En este último año, el grupo de terroristas se ha reducido, debido a la acción del ejército de Ruanda. Parece ser que ahora sí que está bastante más fanatizado y está orientado a la destrucción de misiones, a la muerte de cristianos, y eso es lo que pasó el día 6 de septiembre en la parroquia Misión de San Pedro de Lurio. Entraron y el primer disparo fue contra una hermana María de Copi, de 83 años, hermana comboniana. Y, a partir de ahí, quemaron la casa, la residencia de las niñas, la casa de los padres, la residencia de los jóvenes y toda la misión, lo destruyeron todo. El mensaje que nos dejaron es ‘queremos que os vayáis de aquí, no queremos cristianos, no queremos escuela, no queremos educación, queremos que los jóvenes vayan a las madrazas’.

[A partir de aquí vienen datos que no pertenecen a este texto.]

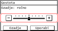 Tapnite gumba [+] in [-], da prilagodite vrednost. Ko je drsnik prikazan, kot je prikazano spodaj, ga lahko povlečete v levo ali desno, da prilagodite vrednost.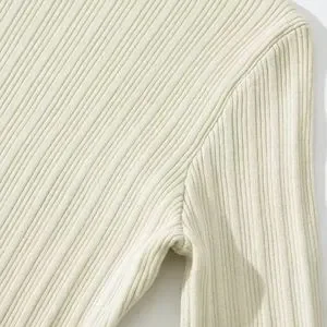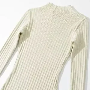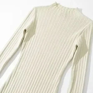 Cream Ribbed Knit High Neck Midi Dress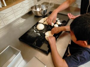 砂利なしの土とセメントのみでモルタルを作り雑草が生えないように隙間なく入れていきます。
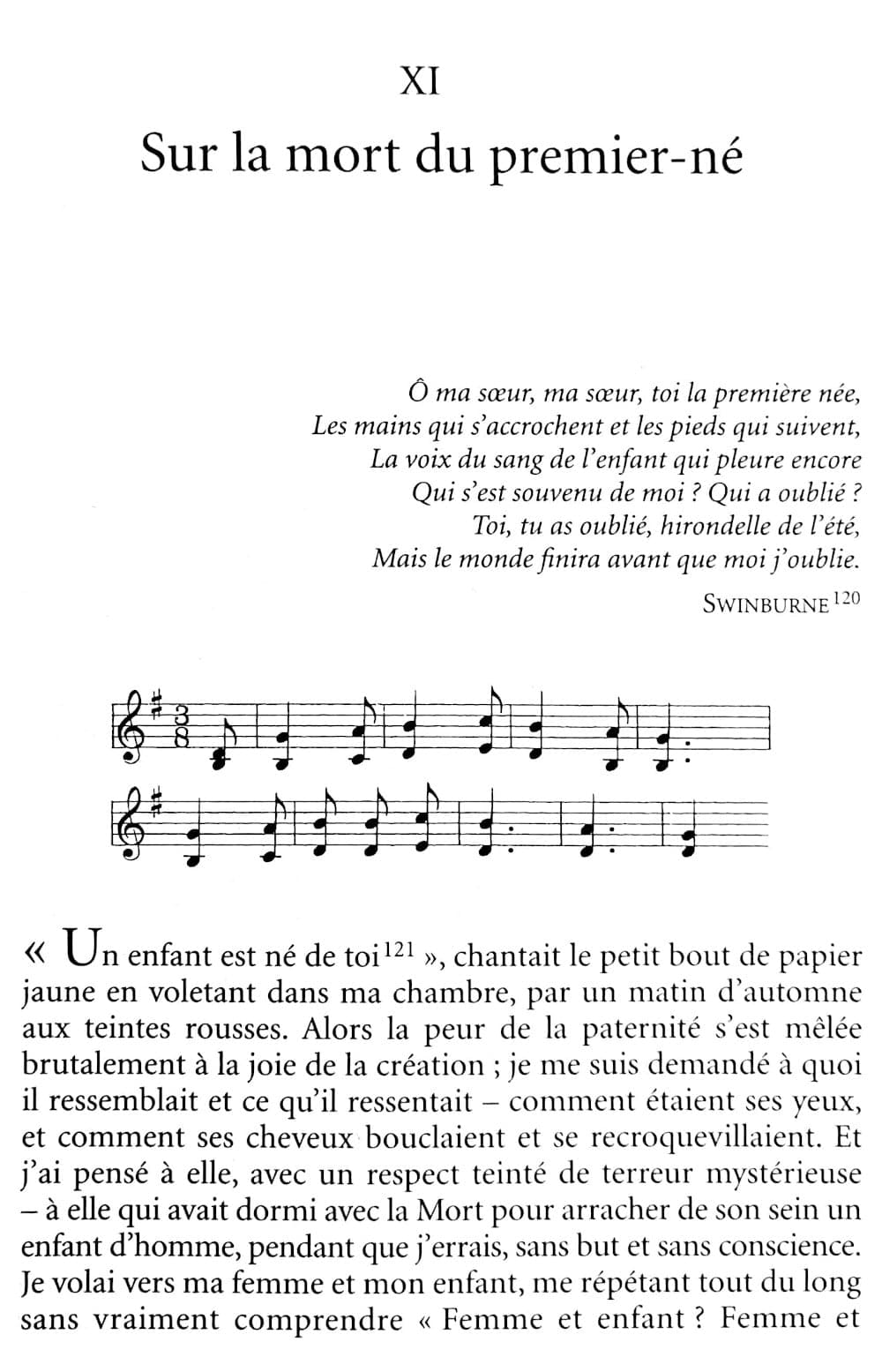 Ces neuf petits grains de beauté […] : ils étaient des notes de musique ! Il s’agissait des neuf petites notes de musique de M, entre croches et noires et rondes, tatouées directement sur la portée de son bras […]. Notes que, bien évidemment, religieusement, j’ai retranscrites sur une vraie portée […]. Avant d’enregistrer toute la séquence sur un piano et, en boucle, me la passer et l’entendre s’élever jusqu’au ciel. Me bercer jusqu’à l’ivresse du « thème de M » […].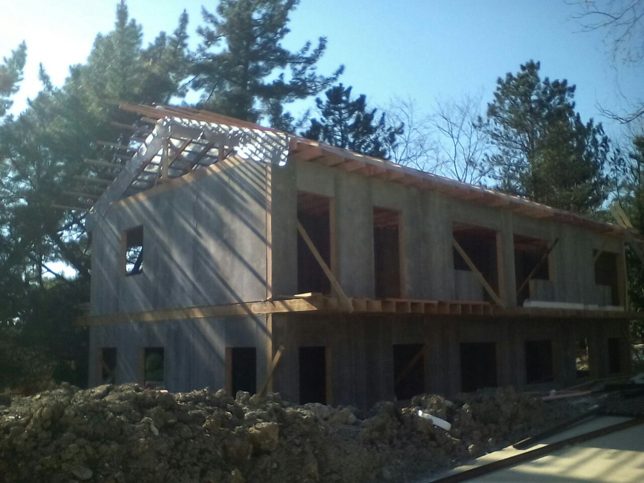 Ростверк изготовлен из калиброванного клееного бруса и защищен снаружи цементно-стружечной плитой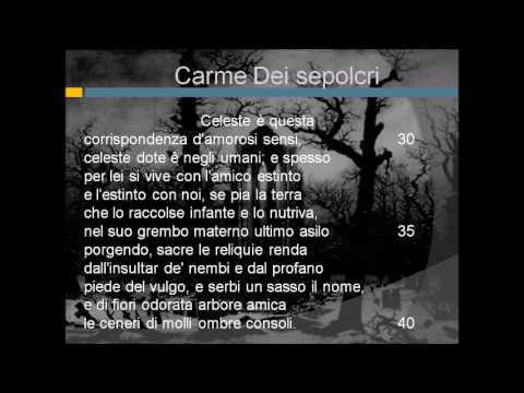 Testo All’ombra de’ cipressi e dentro l’urne Tutte cose l’obblio nella sua notte; Sol chi non lascia eredità d’affetti Pur nuova legge impone oggi i sepolcri Forse tu fra plebei tumuli guardi 70 Rapían gli amici una favilla al Sole Pietosa insania che fa cari gli orti 130 Ma ove dorme il furor d’inclite geste A egregie cose il forte animo accendono |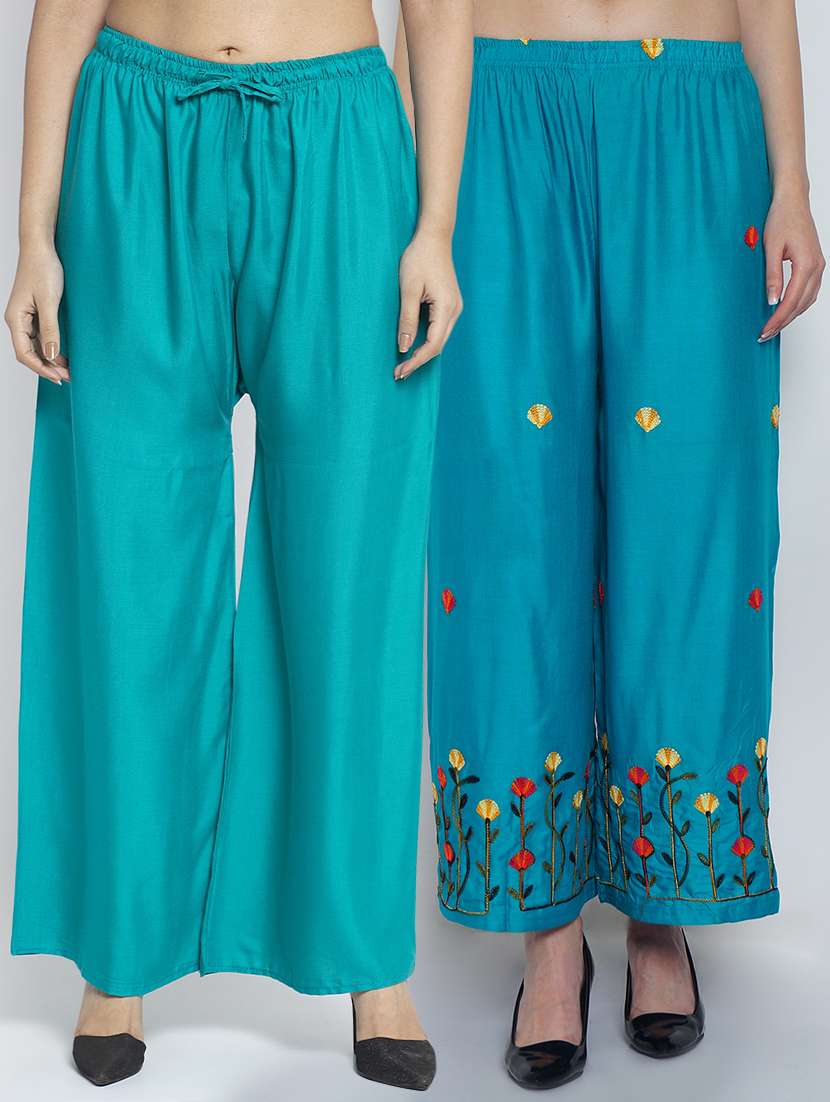 Women Rayon embroidery Print & solid palazzo are a stylish piece of casual clothing. Featuring a mid-rise, soft, elasticated waistband - these palazzo promise a perfect and comfortable fit. Available in many shades, these pair well with indo-western tunics and Kurti.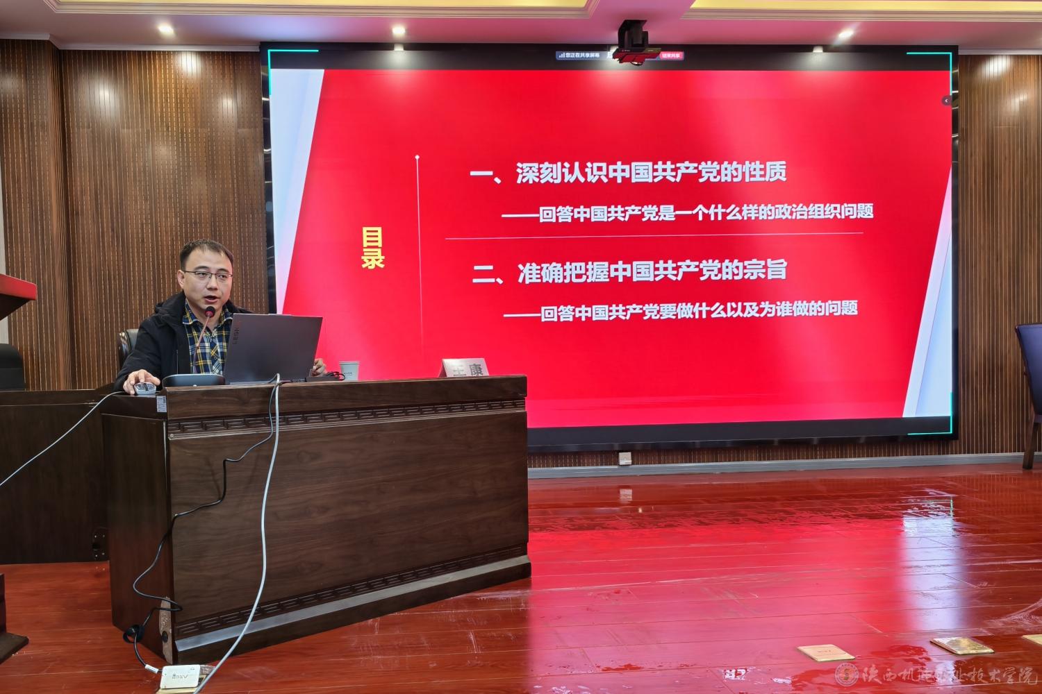 马克思主义学院负责人王康作题为《中国共产党的性质和宗旨》的专题报告。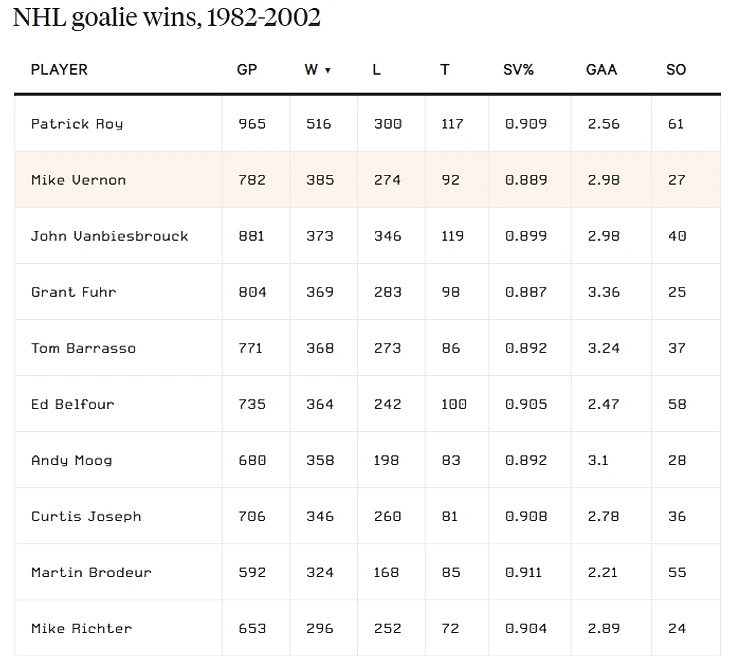 Вернон занимает 16-е место по победам среди всех вратарей за всю историю Лиги - их у него 385. Но на его счету также 92 ничьи в матчах регулярки. Если бы он играл сейчас, где нет ничьих, - только победа или поражение - то он с легкостью смог бы добавить минимум 50 побед к своим 385.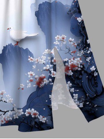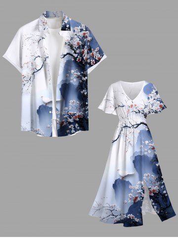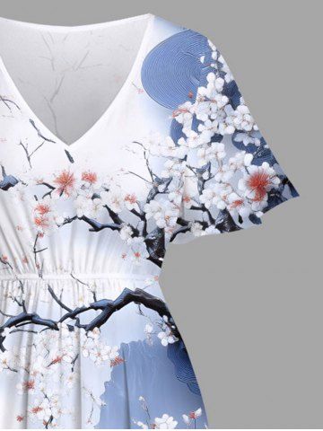 Plus Size Chinese Style Mountain Plum Bossom Flowers Print Split Hawaii Midi Dress - Blue - 2x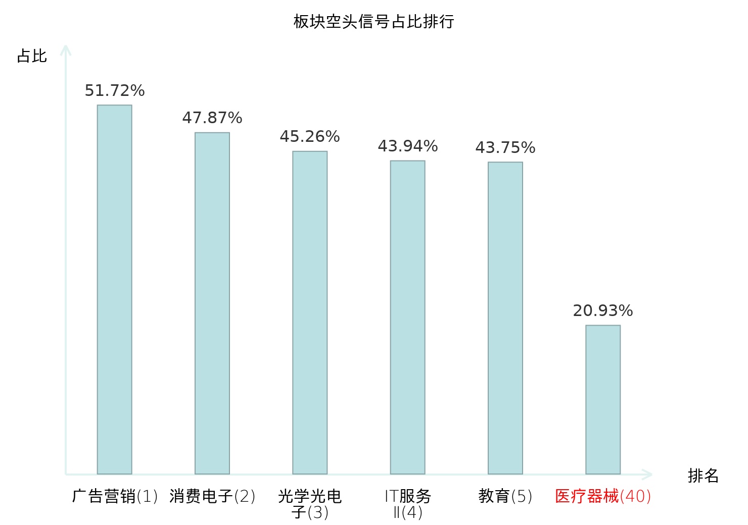 全市场所有行业板块中主力空头信号占比排名中,广告营销板块位居第一。广告营销板块名次提升最快,较昨日上升115位。

La sociedad mozambiqueña ya ha superado esto. Hay algunas madrazas donde jovencitos y jovencitas van para aprender el Corán y esos no suelen participar en la educación estatal, en el sistema nacional de educación. Y esto es lo que también estamos trabajando.

-Un trabajo que realizan junto a líderes musulmanes.

Tenemos una comisión interreligiosa, estamos trabajando en Nampula y en Nacala, con algún religioso que se formó en Egipto. Nos reunimos los líderes musulmanes, porque son varias secciones distintas, Consejo Musulmán, distintos grupos que existen en Nacala y con los líderes católicos y también líderes cristianos. Estamos intentando tener un diálogo a nivel de líderes, pero al mismo tiempo estamos trabajando con algunas ONG’s italianas que hay en la zona, la Cáritas Diocesana y la propia diócesis.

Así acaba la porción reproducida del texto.